Tsu Chu (China)
Tsu Chu (also spelled as Tsu’Chu or Tsu-Chu) emerged in ancient China as early as 2500 BC. Tsu means “to kick” and Chu may be translated as “a stuffed ball made of leather”.
The aim in Tsu Chu is to kick the ball through an opening into a small net. The net is fixed onto erected bamboo canes. Considering that the opening was about 30 to 40 cm (1 foot) in diameter and remained fixed at about 9 meters (30 feet) above ground, it is presumable that a high level of skill was needed to play.

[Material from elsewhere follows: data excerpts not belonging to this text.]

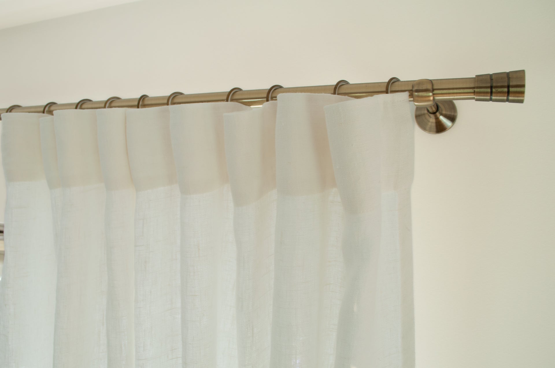 White Linen Short Bay Window Curtains - Custom Width and Length
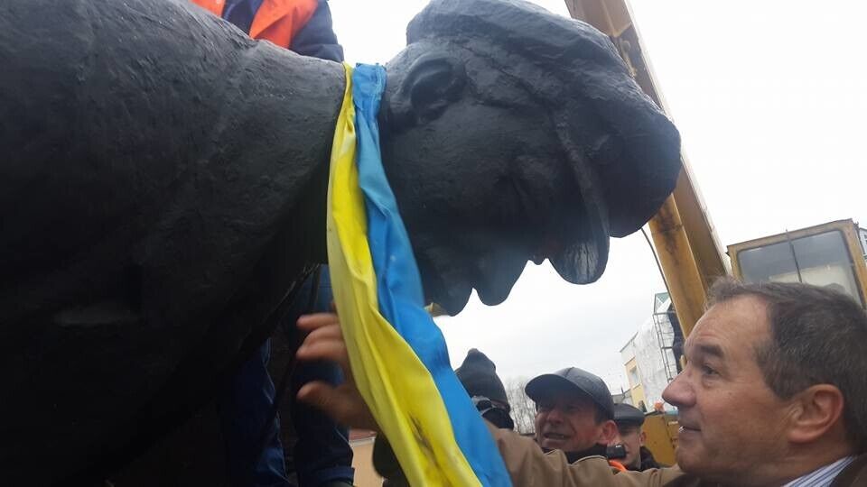 Сняли его с постамента с помощью грузового автокрана. В настоящее время памятник передан на хранение одному из коммунальных предприятий города, а дальнейшую его судьбу должны определить депутаты Глуховского горсовета.
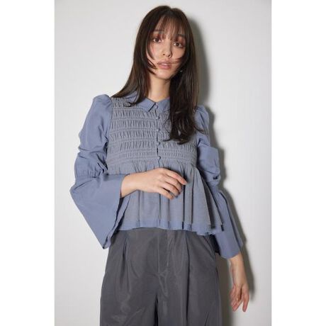 【チュールシャーリングが柔らかな表情をつくるペプラムブラウス】■ポイント女性らしいシルエットが魅力的なチュールシャーリングがポイントのトップスがお目見え。透け感があって柔らかなチュール素材を程よく張りのある生地にドッキングしてシャーリングを施し、ポコポコとした表情が印象的なブラウスに仕立てました。程よく身体にフィットし、軽くて着やすいデザインです。■ディテールシャーリングデザインがポイント。■スタイリングペプラムなので、パンツスタイルでスッキリスタイリングするのがオススメです。■生地透け感:なし裏地:あり伸縮性:あり光沢感:なし厚さ:薄手■商品のお気に入り登録お気に入りアイテムの再入荷・在庫1点などの通知を受け取ることができます。[注意事項]※画像の商品はサンプルです。実際の商品と仕様、加工が若干異なる場合があります。※画像の商品は光の照射や角度、お使いのモニター環境により、実物と色味が異なる場合がございます。※着用、お取り扱いの際は、アテンションタグをご確認ください。

The game was traditionally played in celebration of the emperor’s birthday. Records claim that during the Ts’in Dynasty (255 BC – 206 BC) a form of Tsu Chu was used for exercise by soldiers. At the time of the Han Dynasty (206 BC – 220 AD) Tsu Chu was played extensively. A war manual from the period mentions Tsu Chu and explains that the game was played using a leather ball filled with feathers and hair.
Between 300 AD – 600 AD, the Japanese developed a game called Kemari or sometimes called Kenatt. It was played with a deerskin-covered ball about 9-10 inches in diameter and stuffed with sawdust. Eight or less players had to keep the ball from touching the floor by juggling it with their feet and passing it from one another. The playing field used for Kemari was called Kikutsubo. Traditionally, the Kikutsubo is rectangular-shaped with a sapling planted in each corner. The “classic” version supposedly featured four distinct trees: cherry, maple, willow and pine.
The period between the 10th and 16th century was the golden age of Kemari. The game spread to the lower classes and was mentioned in Japanese poetry and writing. One anecdote tells of an emperor who along with his team, kept the ball up for over 1000 kicks. Eyewitnesses claim that the ball “seemed suspended, hanging in the sky”. Afterwards, the ball was retired and given a high court rank by the emperor himself.
Around the 13th or 14th century a specific Kemari outfit was introduced, a vivid long-sleeved uniform based on the hitatare. The game of Kemari is still played today in Japan by enthusiasts who want to preserve the tradition.